If you write down binary representations of all prime numbers starting from 3 up to some (very big) $N^{th}$ prime number and denote with $S_1(N)$ the total number of ones (1) and with $S_0(N)$ the total number of zeros (0) used in all binary representations, what kind of relation would you expect between $S_1$ and $S_0$?
I did not expect to see anything like 50:50 distribution. All binary representations start with 1 and all primes end with 1. So it looks like digit 1 is favored: binary representation of every odd prime is guranteed to have at least two ones. There's no such guarantee for zeros.
But what is the ratio between ones and zeros if you remove the first and the last digit from all binary representations? I meen, what happens if you look only at the "central" part of the number?
I might be too naive but I expected to see that, with the first and the last digit removed from every binary presentation, the ratio between ones and zeros would be close to 50:50. In other words, I expected to see something like:
$$S_1(N)\approx S_0(N) + 2 N\tag{1}$$
But in reality it's not like that and I would say not even close. I did an experiment with the first 10 million primes and got the following results (BTW, 10,000,000th odd prime turned out to be 179,424,691):
$$N=10,000,000$$ $$S_1=139,605,415$$ $$S_0=124,501,052$$
Proper relationship seems to be:
$$S_1(N) \approx S_0(N) + \frac32 N\tag{2}$$
The margin of error in my experiment is less then 0.1%.
Is there a simple explanation why the correct factor seems to be equal to $\frac32$, not 2?
(I can also share the Java code if someone wants to validate it.)
EDIT: Here is the graph of function:
$$\frac{S_1(N)-S_0(N)}{N}$$
for the first 20 million primes:
It turns out that the value 1.5 is reached only from time to time.
If you consider the primes between $2^n$ and $2^{n+1}-1$, inclusive, you would expect there to be approximately $\frac{c2^n}{n}$ of them for some fixed $c$ (I believe it's $\frac{1}{\ln 2}$), and each should have "on average" $\frac{n+3}{2}$ ones and $\frac{n-1}{2}$ zeroes (assuming the middle bits are chosen uniformly at random. This gives, up through $2^n$,
$$c\sum_{k=1}^{n-1} \frac{2^k}{k}\cdot\frac{k+3}{2}$$
ones, and
$$c\sum_{k=1}^{n-1} \frac{2^k}{k}\cdot\frac{k-1}{2}$$
zeroes, in
$$c\sum_{k=1}^{n-1} \frac{2^k}{k}$$
primes. Letting
$$f(n)=c\sum_{k=1}^{n-1} 2^k,\ \ g(n)=c\sum_{k=1}^{n-1} \frac{2^k}{k},$$
we have, out of $g(n)$ primes, $\frac{f(n)+3g(n)}{2}$ ones and $\frac{f(n)-g(n)}{2}$ zeroes; the difference is thus $2g(n)$, as expected.

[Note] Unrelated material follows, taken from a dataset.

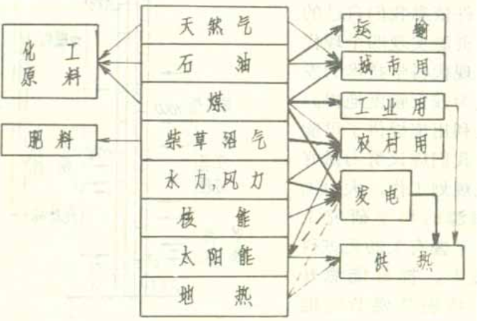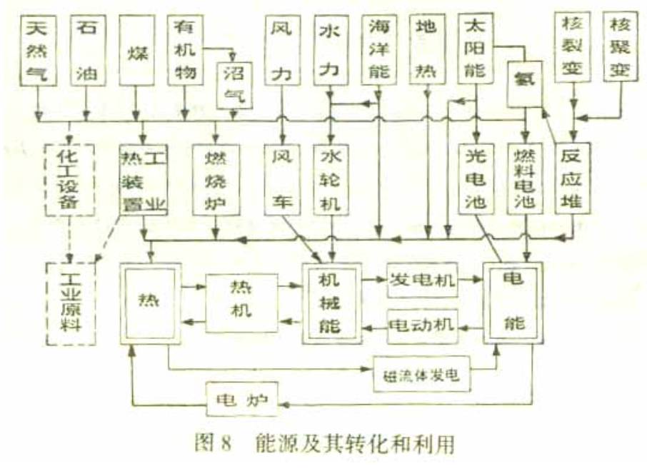 圖8表示各種能源經(jīng)過(guò)各種設(shè)備把它們轉(zhuǎn)化為各種不同形式的能來(lái)使用。圖的左邊是各種能源,右邊是各種使用形式,中間是各種轉(zhuǎn)化過(guò)程。從上面往下,天然氣、石油、煤、有機(jī)物(如薪炭、農(nóng)作物秸稈)都是常規(guī)能源,水力和風(fēng)力也算是常規(guī)能源。

Let's say, however, that you count up to $3\cdot 2^{n-1}$ instead. You still have the same number of $0$s and $1$s you did before, but now you have all the numbers from $2^n$ to $3\cdot 2^{n-1}$ as well. We expect there to be about
$$c\frac{2^{n-1}}{n}$$
of them, and they have two ones, a zero, and $n-2$ "free digits," for "on average" $\frac{n+2}{2}$ ones and $\frac{n}{2}$ zeroes. This gives us, across our
$$g(n)+\frac{c2^{n-1}}{n}$$
primes, approximately
$$\frac{f(n)+3g(n)}{2}+\frac{n+2}{2}\cdot\frac{c2^{n-1}}{n}$$
ones and
$$\frac{f(n)-g(n)}{2}+\frac{n}{2}\cdot\frac{c2^{n-1}}{n}$$
zeroes, for a difference of
$$2g(n)+\frac{c2^{n-1}}{n}.$$
The ratio between this and the number of primes we have is
$$\frac{2g(n)+\frac{c2^{n-1}}{n}}{g(n)+\frac{c2^{n-1}}{n}};$$
since $g(n)\sim \frac{c2^n}{n-1}$, this gives us a ratio of
$$\frac{4+1}{2+1}=\frac{5}{3}.$$
This isn't exactly the $\frac{3}{2}$ you got, but it's certainly not $2$ either. As such, we should expect this "difference ratio" to differ from $2$ significantly depending on where your cutoff is. It's possible that if you stop at $\frac{5}{4}\cdot 2^n$ instead, you'll get a different number; the bottom line is that your heuristics can still be right without $\frac{S_1(N)-S_0(N)}{N}\to 2$.